Just to explain how things really work in an OEM: I had no text books at my desk, and didn't own a calculator. I just used the one built into Windows the few times it was needed. Most engineering work is in fact done out in the field, or on a test bench, or in a plant. The guy who signed off on the handling characteristics of a truck, a requirement for GVW, did not calculate it. He bolted a set of outriggers on, went out to the track , and tried to flip it. When the Ford managers were whining about how the F-150 doesn't stop as fast as the Tundra, the brake engineer took the tires off the Tundra, put them on the F-150, and tested it, then said "There, see you idiots, it's the tires, not the brakes!"
This is very much practical stuff. I determined the pressure capability of an oil system not with a finite element analysis.

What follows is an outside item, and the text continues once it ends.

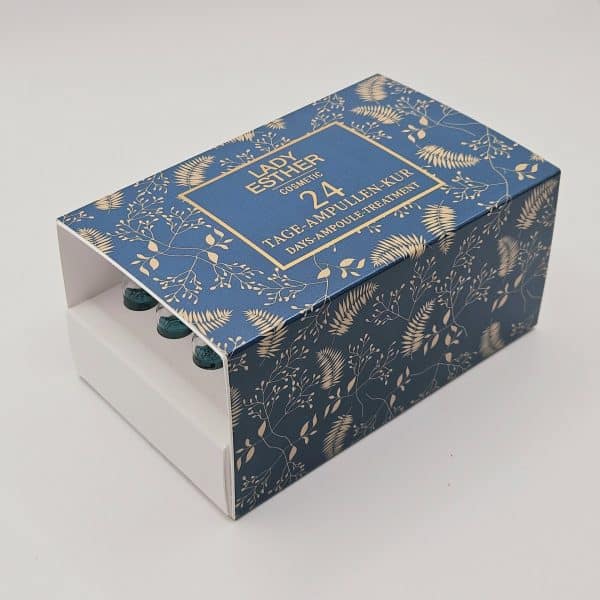 LADY ESTHER Ampullenkur mit je 4 x Wirkstoffampullen: Hyaluron, Caviar Extract, Anti Aging Concentrate, Eye Contour & Lip Fluid, Super Regeneration Extract, und Spit Second Tightener. Die Art der Zusammensetzung und Abfolge der Anwendung ist auf die anspruchsvolle Haut abgestimmt. Die besonders konzentrierten Wirkstoffe spenden extra viel Feuchtigkeit und vitalisieren den Teint. Nach dieser Kurbehandlung werden Sie sich รผber ein sichtbar feineres und frisches Hautrelief freuen kรถnnen! Auch als Adventskalender anwendbar!

I take a bunch of prototype parts, assemble them, use a pressure gauge, and crank up the pressure until they blow up.
Now, there *are* guys who do a lot of advanced computer stuff, but that is usually done way before the grunts like me got to it. In your axle example, the Design and Release engineer (that's me), would take the axle he was told to use, and drive it around Bovingdon until it breaks, then make sure that met the requirements.
Now, when mechanics get mad at engineers for making things unservicable... that's not our fault. See... nobody cares about service. The service engineer is one voice, in the back of the room filled with guys trying to get things out the door as fast and cheaply as possible, and nobody listens to him. Not my rules, that's just the way it works.